• **DATA RECORDS**:
···

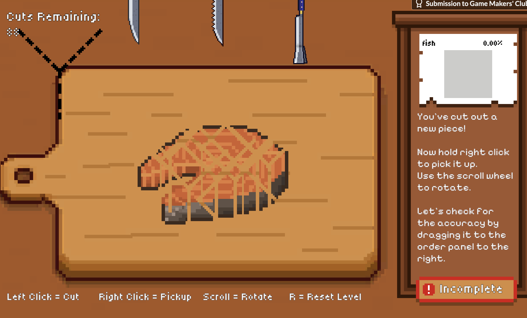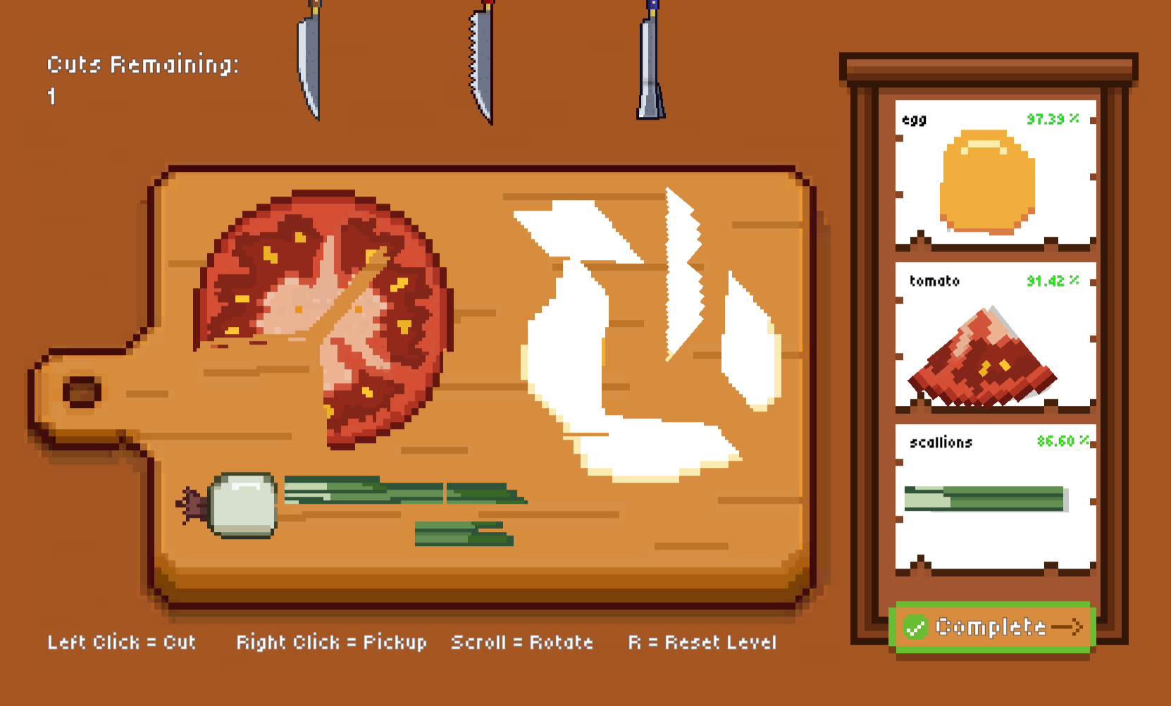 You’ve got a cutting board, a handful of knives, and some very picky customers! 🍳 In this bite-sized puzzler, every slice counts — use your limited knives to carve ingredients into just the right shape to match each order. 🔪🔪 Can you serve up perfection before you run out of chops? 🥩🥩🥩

···

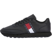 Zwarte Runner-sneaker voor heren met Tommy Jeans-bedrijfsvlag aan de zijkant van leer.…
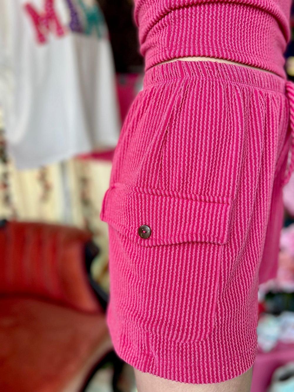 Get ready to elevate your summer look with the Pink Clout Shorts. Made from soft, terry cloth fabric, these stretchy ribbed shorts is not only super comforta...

···

• **PROBLEM DESCRIPTION**: Set down again, exactly, every line above from the one with "Zwarte Runner-sneaker voor" down to the one with "Get ready to", both ends included. No pictures, and nothing else.

• **RESPONSE BELOW**:
 Zwarte Runner-sneaker voor heren met Tommy Jeans-bedrijfsvlag aan de zijkant van leer.…
 Get ready to elevate your summer look with the Pink Clout Shorts. Made from soft, terry cloth fabric, these stretchy ribbed shorts is not only super comforta...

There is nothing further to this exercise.